Segment Start: GIVEN DATA

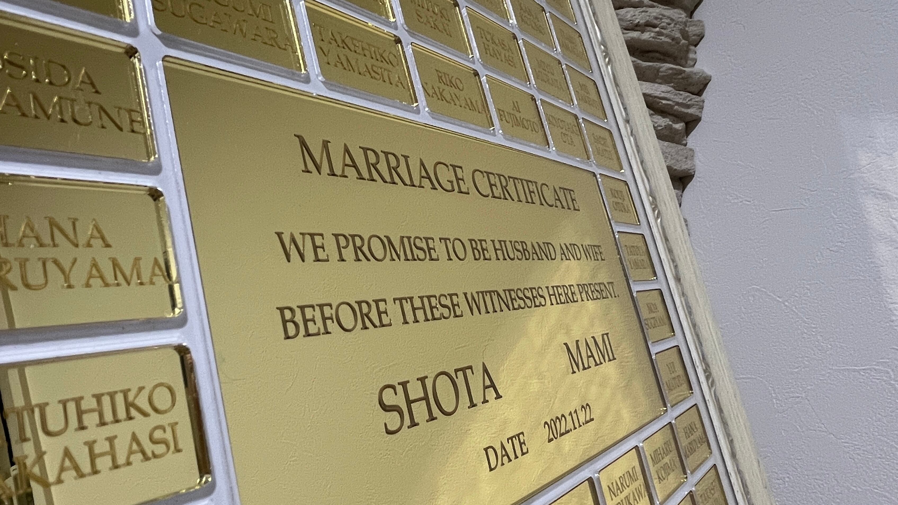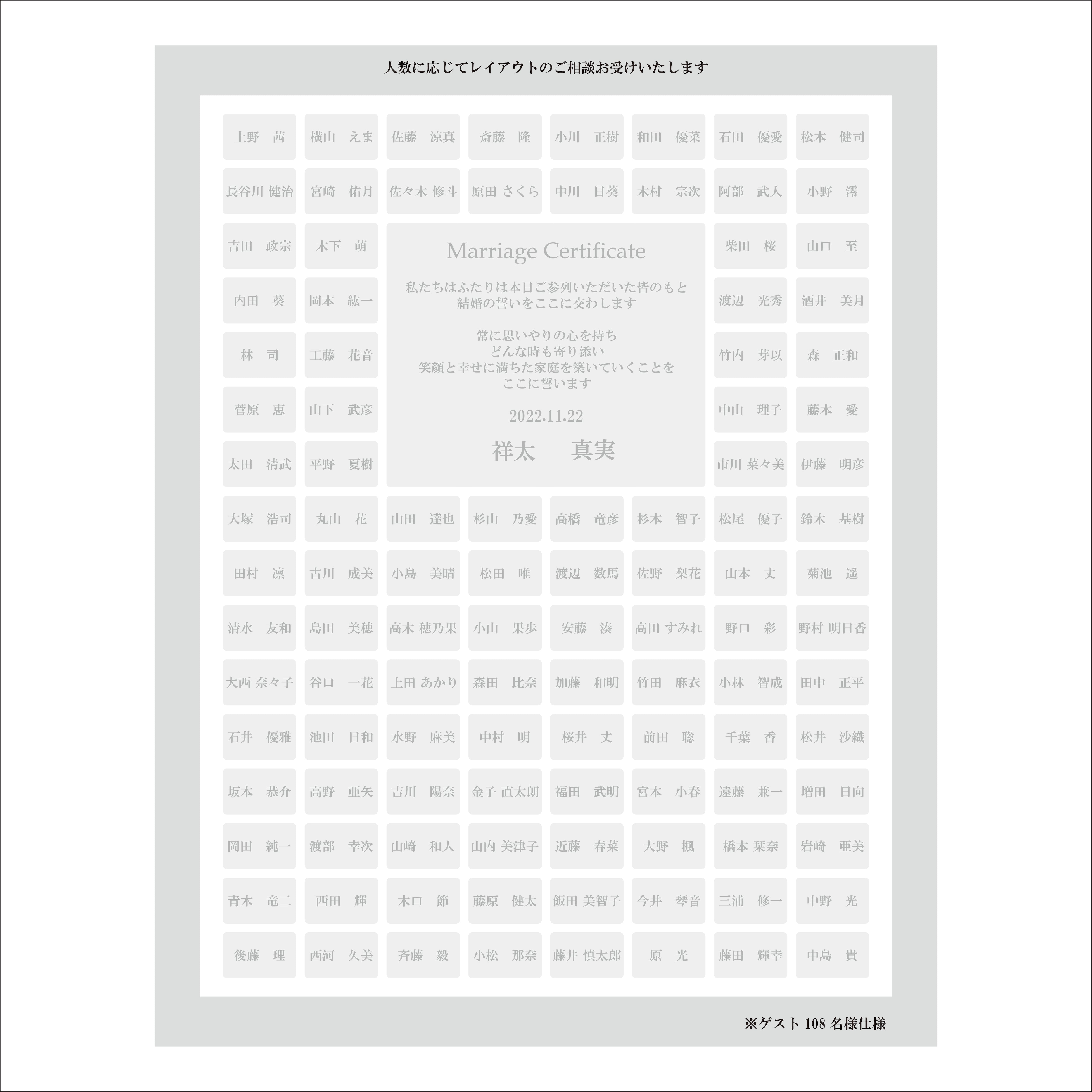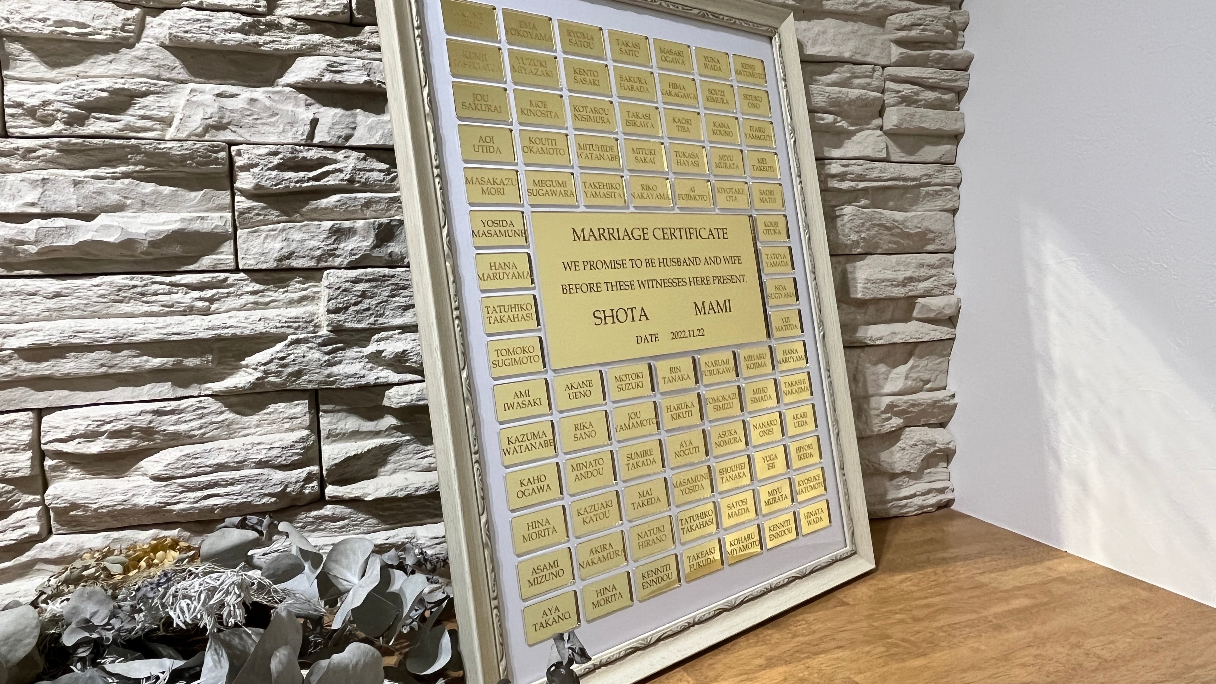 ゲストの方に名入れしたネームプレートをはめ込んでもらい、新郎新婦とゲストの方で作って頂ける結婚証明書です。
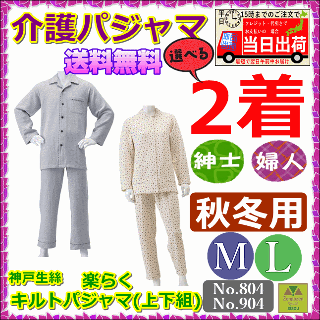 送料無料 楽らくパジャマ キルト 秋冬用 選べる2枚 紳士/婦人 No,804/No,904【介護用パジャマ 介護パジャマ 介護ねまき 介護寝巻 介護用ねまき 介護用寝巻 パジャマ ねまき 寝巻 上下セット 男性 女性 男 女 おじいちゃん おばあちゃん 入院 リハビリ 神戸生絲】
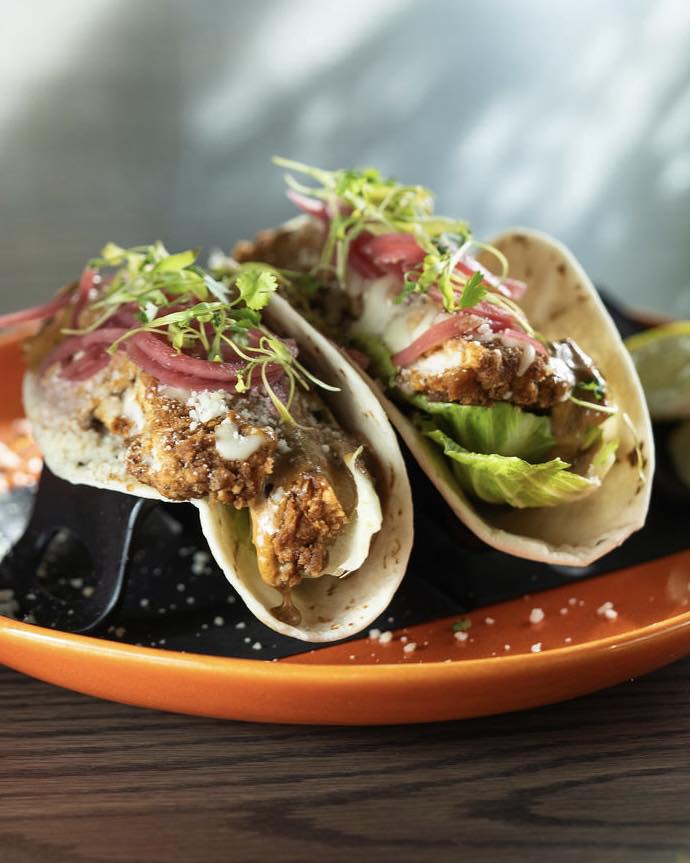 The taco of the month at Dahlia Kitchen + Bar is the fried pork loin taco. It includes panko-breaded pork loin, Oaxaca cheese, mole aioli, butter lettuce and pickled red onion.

Segment End: GIVEN DATA
Segment Start: GIVEN DATA

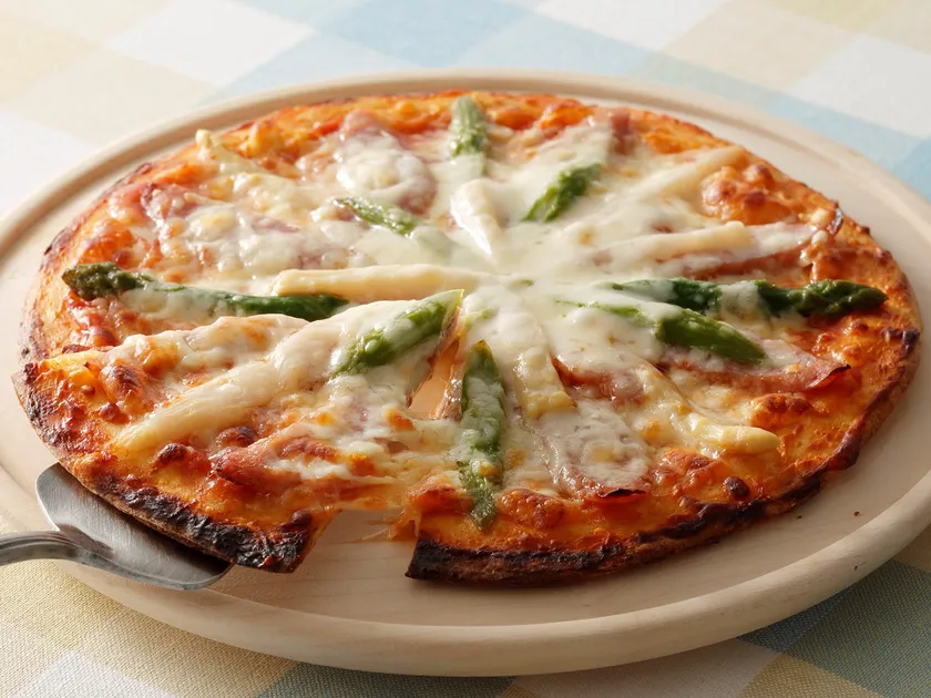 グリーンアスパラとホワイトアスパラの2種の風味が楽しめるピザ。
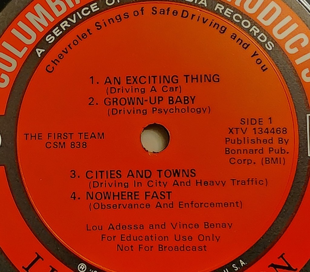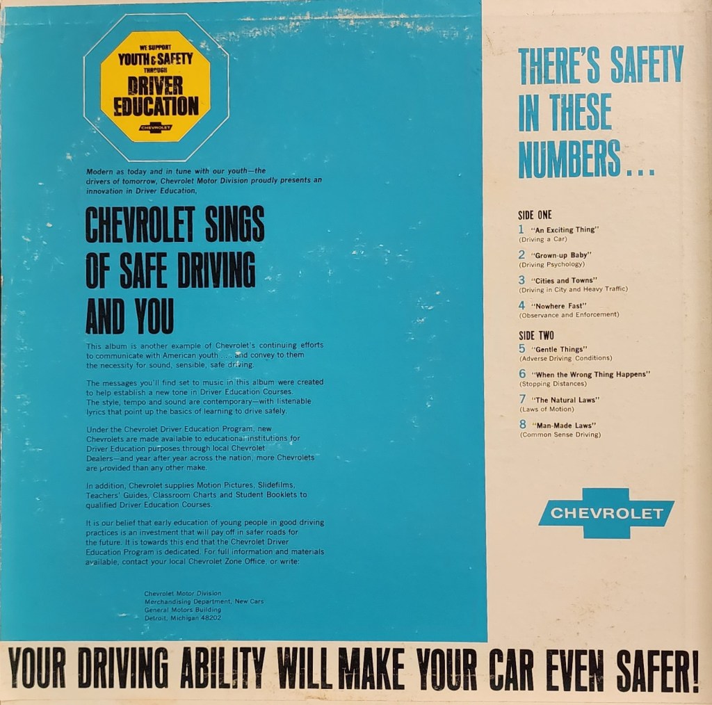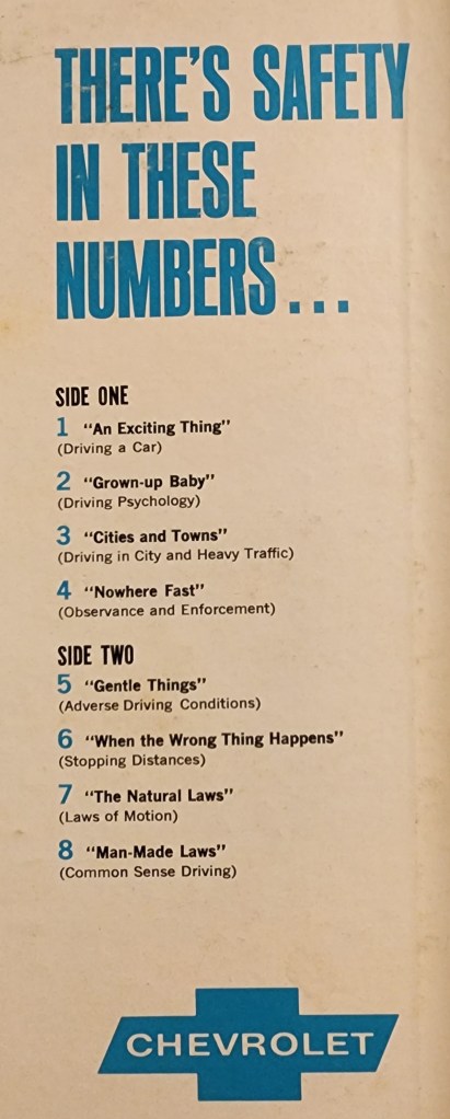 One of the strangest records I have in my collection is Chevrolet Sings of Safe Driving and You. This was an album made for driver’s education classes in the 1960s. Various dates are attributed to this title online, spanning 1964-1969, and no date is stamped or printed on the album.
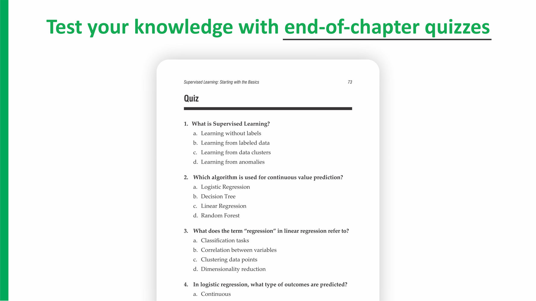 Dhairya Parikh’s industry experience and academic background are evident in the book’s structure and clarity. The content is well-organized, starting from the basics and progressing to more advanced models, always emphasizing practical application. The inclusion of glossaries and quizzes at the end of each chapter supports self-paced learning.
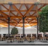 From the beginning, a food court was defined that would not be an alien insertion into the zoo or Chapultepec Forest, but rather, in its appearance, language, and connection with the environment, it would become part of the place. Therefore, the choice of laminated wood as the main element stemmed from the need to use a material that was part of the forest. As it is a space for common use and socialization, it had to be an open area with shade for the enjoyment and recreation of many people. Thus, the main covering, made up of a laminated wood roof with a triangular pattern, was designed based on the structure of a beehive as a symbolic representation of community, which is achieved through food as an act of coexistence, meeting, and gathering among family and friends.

Segment End: GIVEN DATA
Segment Start: GIVEN DATA

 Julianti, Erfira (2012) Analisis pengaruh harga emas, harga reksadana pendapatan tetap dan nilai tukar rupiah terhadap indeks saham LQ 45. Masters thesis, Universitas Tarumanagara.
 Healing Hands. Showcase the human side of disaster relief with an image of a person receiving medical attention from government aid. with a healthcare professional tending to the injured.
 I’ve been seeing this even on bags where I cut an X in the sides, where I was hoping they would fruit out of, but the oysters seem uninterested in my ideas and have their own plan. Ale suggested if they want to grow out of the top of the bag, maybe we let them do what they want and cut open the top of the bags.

Segment End: GIVEN DATA

**DIRECTIONS**
Output only the stretch above from the line with "ゲストの方に名入れしたネーム" through the line with "The taco of", reproduced exactly. Exclude pictures.

**ANSWER BOX**
 ゲストの方に名入れしたネームプレートをはめ込んでもらい、新郎新婦とゲストの方で作って頂ける結婚証明書です。
 送料無料 楽らくパジャマ キルト 秋冬用 選べる2枚 紳士/婦人 No,804/No,904【介護用パジャマ 介護パジャマ 介護ねまき 介護寝巻 介護用ねまき 介護用寝巻 パジャマ ねまき 寝巻 上下セット 男性 女性 男 女 おじいちゃん おばあちゃん 入院 リハビリ 神戸生絲】
 The taco of the month at Dahlia Kitchen + Bar is the fried pork loin taco. It includes panko-breaded pork loin, Oaxaca cheese, mole aioli, butter lettuce and pickled red onion.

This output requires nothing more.